▶ _Task objective_:
Before you return the lines below, strip out any images and keep every word as written.

▶ _Data excerpt_:
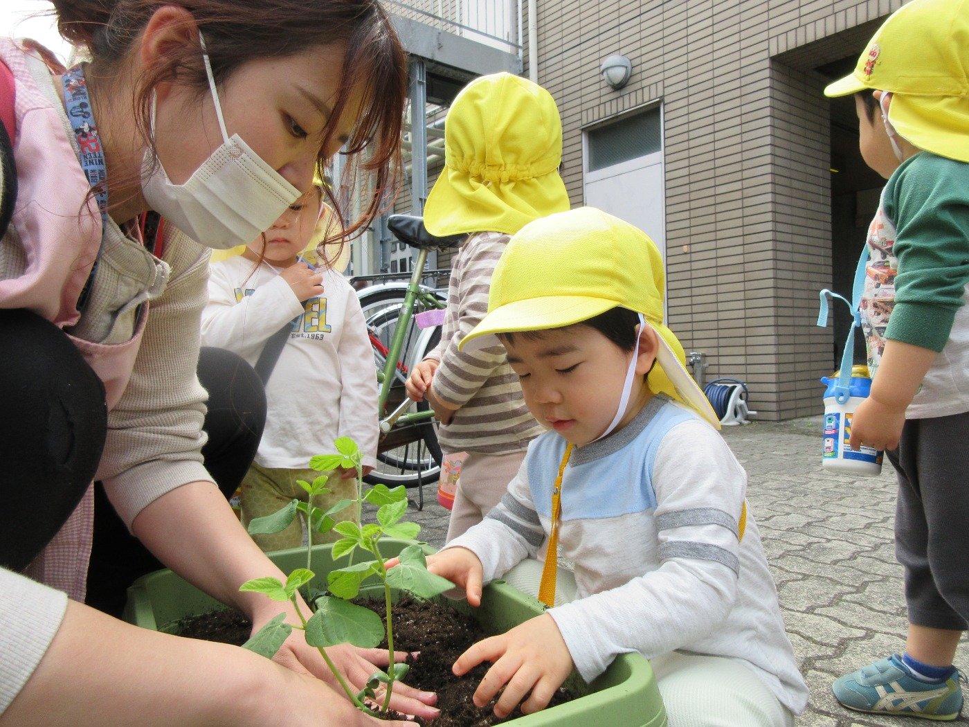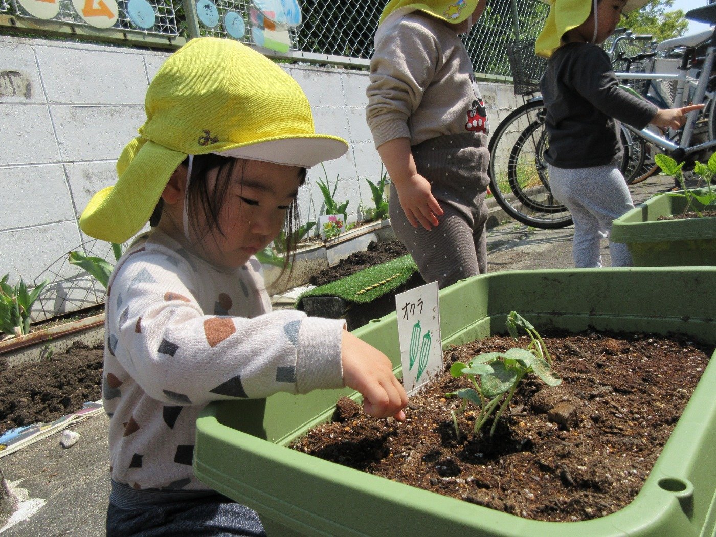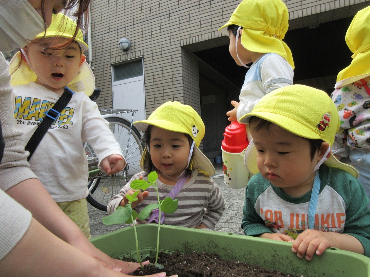 植物の育ちを好奇心いっぱいに見ている子どもたちの表情を見るのは
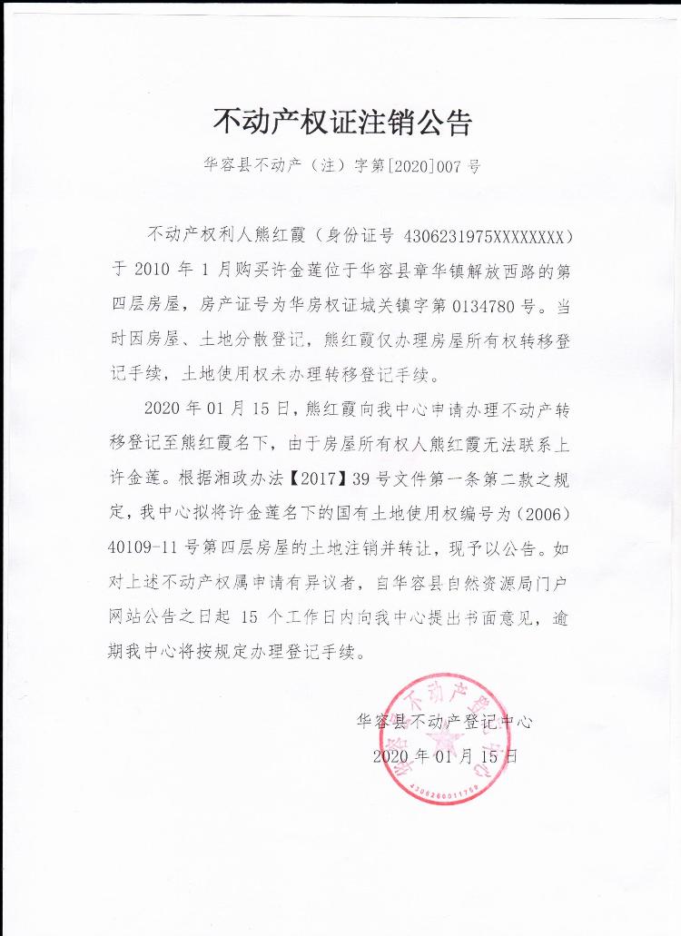 不动产权证注销公告【土地使用权证(许金莲转熊红霞)】
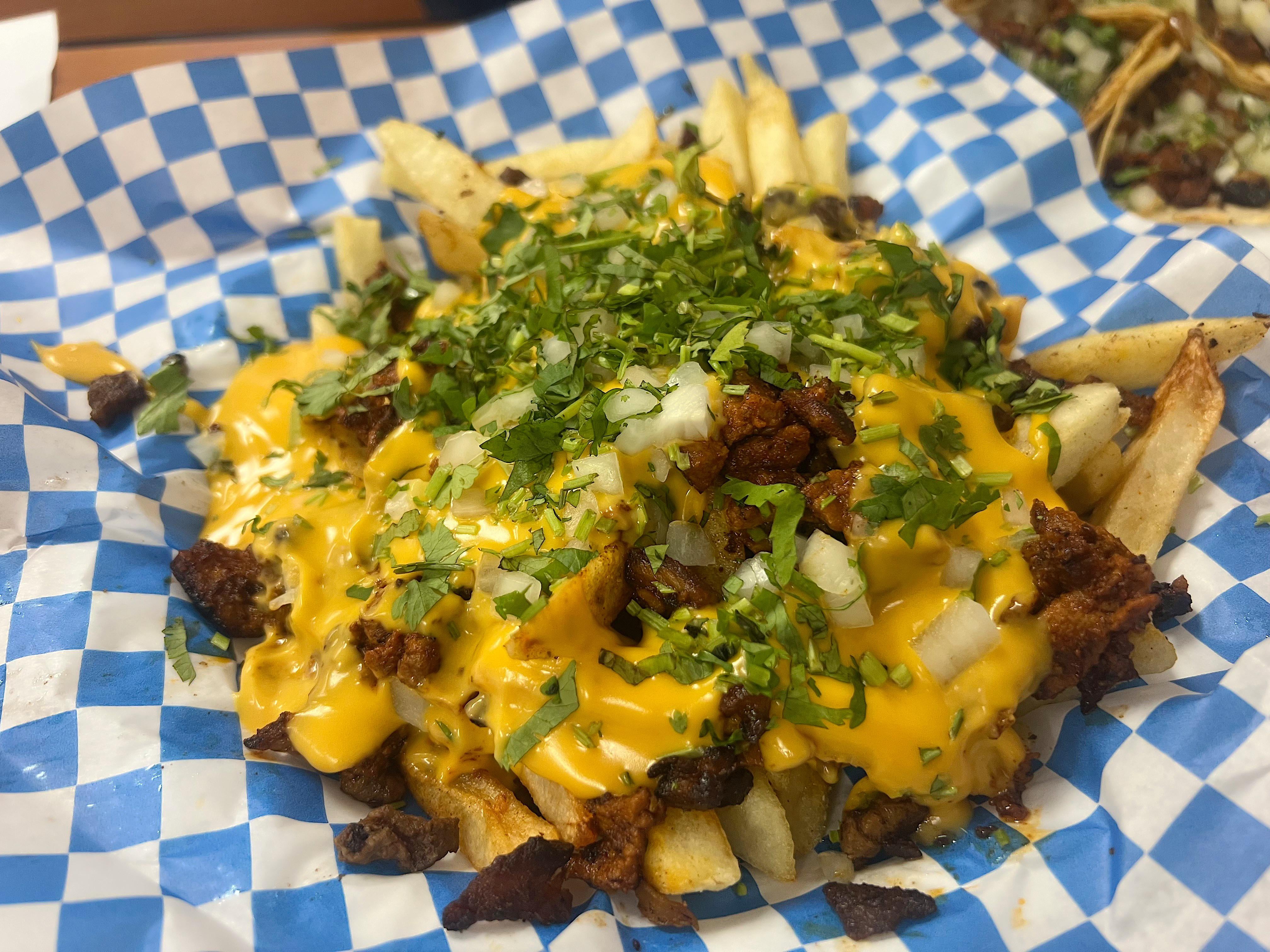 Nacho cheese pastor fries

▶ _Solution to this problem_:
 植物の育ちを好奇心いっぱいに見ている子どもたちの表情を見るのは
 不动产权证注销公告【土地使用权证(许金莲转熊红霞)】
 Nacho cheese pastor fries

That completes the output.